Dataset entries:
....................
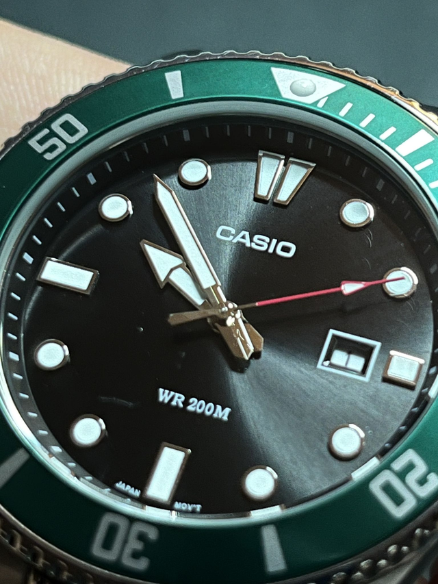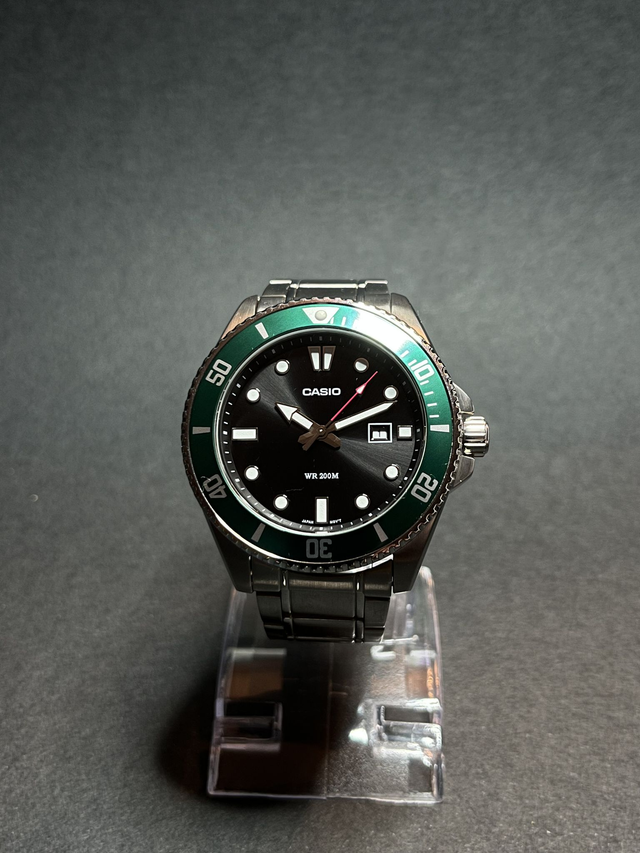 Known as the "Duro" among watch enthusiasts, this watch combines the rugged reliability of a professional diver with a modern and stylish look thanks to a striking black sunburst dial and emerald green bezel.
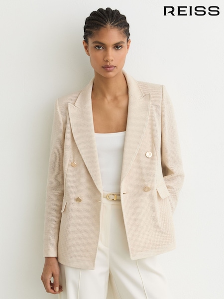 Reiss Cream Fiore Open-Weave Double-Breasted Blazer
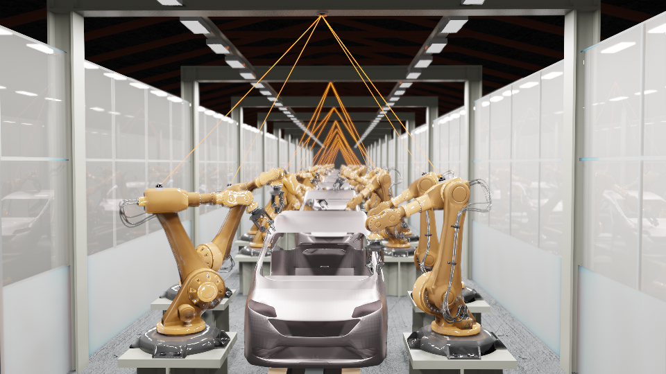 工場は、通信している機器が密集しています。このような状況でWi-Fiで無線化は非常に難しいものです。アクセスポイント(AP)の設置を間違えると干渉が多く発生し、接続もままならなくなります。衝突も多く発生し、大きな遅延が発生する可能性も高くなります。ここをLi-Fiに置き換えると、機器が密集している状況でも安定した通信が可能となります。また、工場では何よりセキュリティが重要視されます。Wi-Fiですと、電波が工場外に漏れ出てそこから不正アクセスされる可能性がありますが、Li-Fiであれば遮光することで一切信号が外に出なくなりますから、不正アクセスを試みることすらできません。
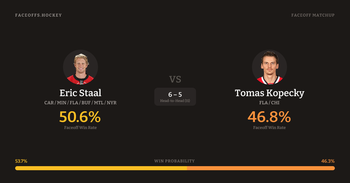 Eric Staal vs Tomas Kopecky — Faceoff Head-to-Head
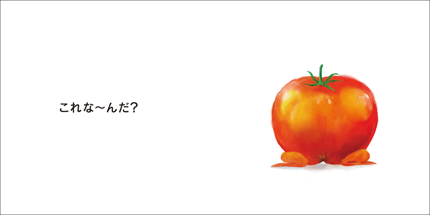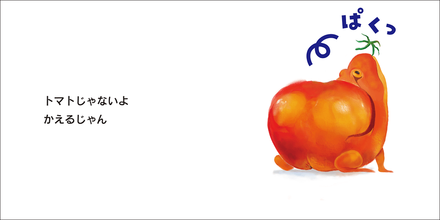 絵本を開いて、まず目にとびこんできたのは、つやつやの完熟トマト。……だと思ったら……なんだか下に2本の足らしきものが見える……。「これな~んだ?」と聞かれて頭の中はハテナマークでいっぱい。“見たことないよね、こんなもの”という表情の子たちと顔を見合わせながら次へページをめくると……「トマトじゃないよ かえるじゃん」。おしりをこちらに向けてうずくまっていたオレンジ色のかえるが頭をあげて、緑のヘタみたいなものを、ぱくっ。
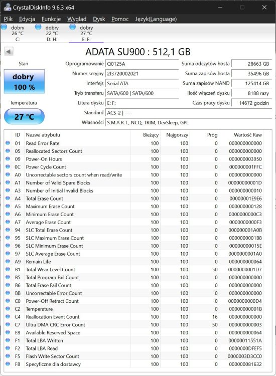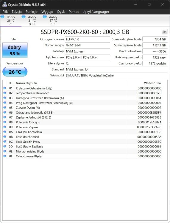 Witam, Przesyłam i Proszę o sprawdzenie logów z FRST. Także screen okna programu "CrystalDiskInfo". Dużo śmieci, nie chodzi tak, jak na początku. Często się zawiesza, uruchamia się sama strona internetowa co jakiś czas, zamyka czasami okna/foldery, Ma również ikonki z czerwonymi x-ami, Microsoft Teams. Wyskakujące różne okienka aplikacji, które są denerwujące. Nie wiem, czy źle ustawienia Avasta, czy ochrony, zapory systemu. Chcę, by sytem chodził bez zastrzeżeń i sprawnie. Pozdrawiam Addition.txt FRST.txt Shortcut.txt
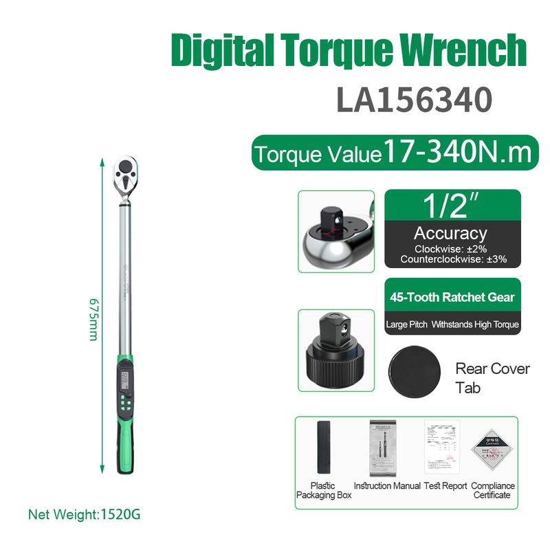 LAOA High Definition Digital Torque Wrench Professional Precision Tool with LCD Display for Automotive Industrial Mechanical Use
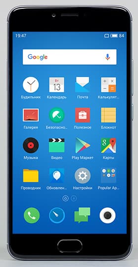 Телефонное приложение поддерживает Smart Dial, то есть во время набора телефонного номера сразу осуществляется и поиск по первым буквам в контактах, имеется и поддержка непрерывного ввода типа Swype. В аппарате предустановлена альтернативная клавиатура стороннего разработчика TouchPal с широким набором настроек и возможностей. Для удобства работы с крупным экраном с помощью одной руки стандартно для смартфонов Meizu предусмотрена функция Smart Touch, которая позволяет сдвинуть весь рабочий экран наполовину вниз, ближе к пальцам.
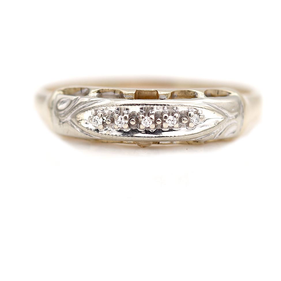 Dainty Mid Century Vintage 5 Stone Two Tone Round Diamond Stacking Band
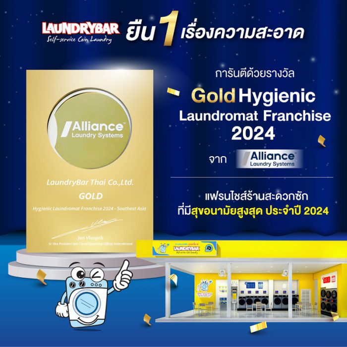 ลอนดรี้บาร์ ร้านสะดวกซัก คว้ารางวัล “Hygienic Laundromat Franchise 2024″ ตอกย้ำความเป็นแฟรนไชส์คุณภาพที่มีมาตรฐานสุขอนามัยสูงสุดในปี 2024 พร้อมเดินหน้าเปิดตัว “LaundryBar Lite” โมเดลใหม่ที่ช่วยให้ผู้ลงทุนรายย่อยเป็นเจ้าของธุรกิจร้านสะดวกซักได้ง่ายขึ้น
....................
- [Brief] In the data above, find the line with "Eric Staal vs" and the line with "絵本を開いて、まず目にとびこ". Please copy exactly those two lines and every line between them, but not the pictures.

- [Response area]
 Eric Staal vs Tomas Kopecky — Faceoff Head-to-Head
 絵本を開いて、まず目にとびこんできたのは、つやつやの完熟トマト。……だと思ったら……なんだか下に2本の足らしきものが見える……。「これな~んだ?」と聞かれて頭の中はハテナマークでいっぱい。“見たことないよね、こんなもの”という表情の子たちと顔を見合わせながら次へページをめくると……「トマトじゃないよ かえるじゃん」。おしりをこちらに向けてうずくまっていたオレンジ色のかえるが頭をあげて、緑のヘタみたいなものを、ぱくっ。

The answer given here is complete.